(Items listed in a dataset)
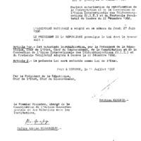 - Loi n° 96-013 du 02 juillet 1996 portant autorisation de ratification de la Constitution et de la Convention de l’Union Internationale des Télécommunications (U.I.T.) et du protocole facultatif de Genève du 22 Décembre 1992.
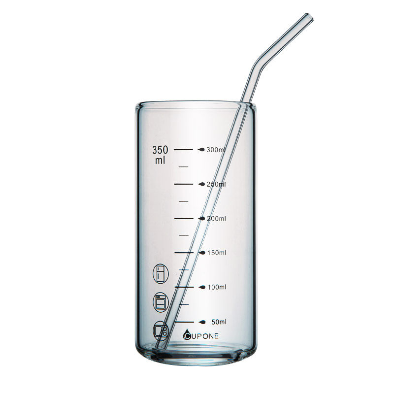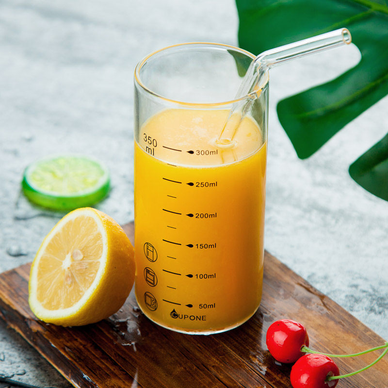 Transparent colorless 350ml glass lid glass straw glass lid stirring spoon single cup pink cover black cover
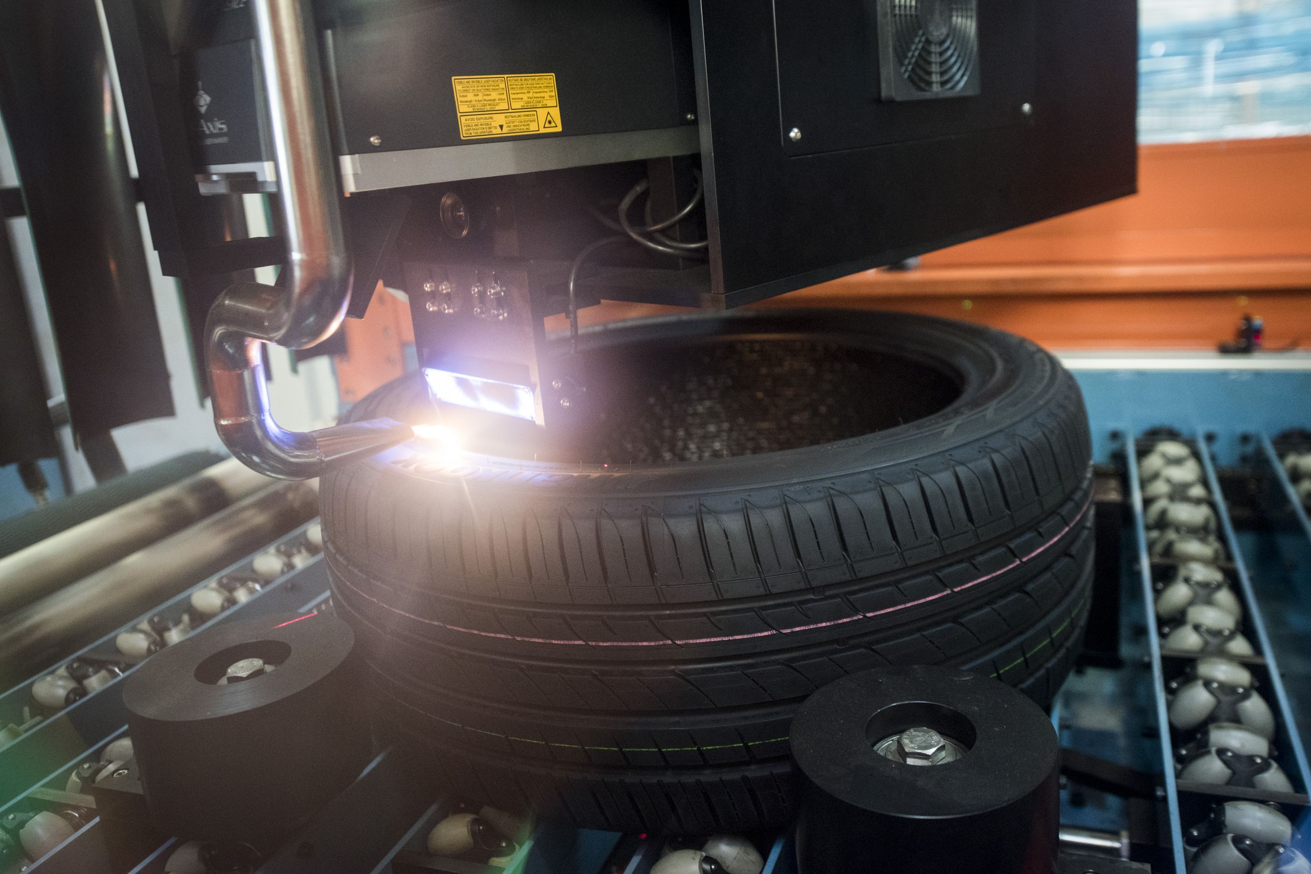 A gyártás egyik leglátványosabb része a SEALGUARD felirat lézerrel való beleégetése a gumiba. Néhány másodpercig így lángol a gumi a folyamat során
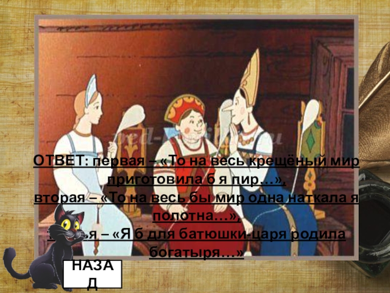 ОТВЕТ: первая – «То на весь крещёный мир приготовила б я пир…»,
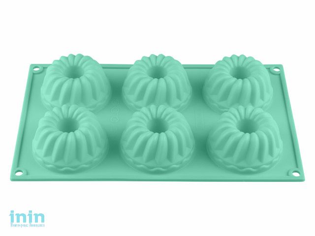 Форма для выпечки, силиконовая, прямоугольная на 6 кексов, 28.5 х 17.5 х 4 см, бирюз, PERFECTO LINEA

▶ _Work to complete_: What is needed is a word-for-word repeat of every line from the line with "A gyártás egyik" to the end of the entries above; leave out the pictures.

▶ _Reply_:
 A gyártás egyik leglátványosabb része a SEALGUARD felirat lézerrel való beleégetése a gumiba. Néhány másodpercig így lángol a gumi a folyamat során
 ОТВЕТ: первая – «То на весь крещёный мир приготовила б я пир…»,
 Форма для выпечки, силиконовая, прямоугольная на 6 кексов, 28.5 х 17.5 х 4 см, бирюз, PERFECTO LINEA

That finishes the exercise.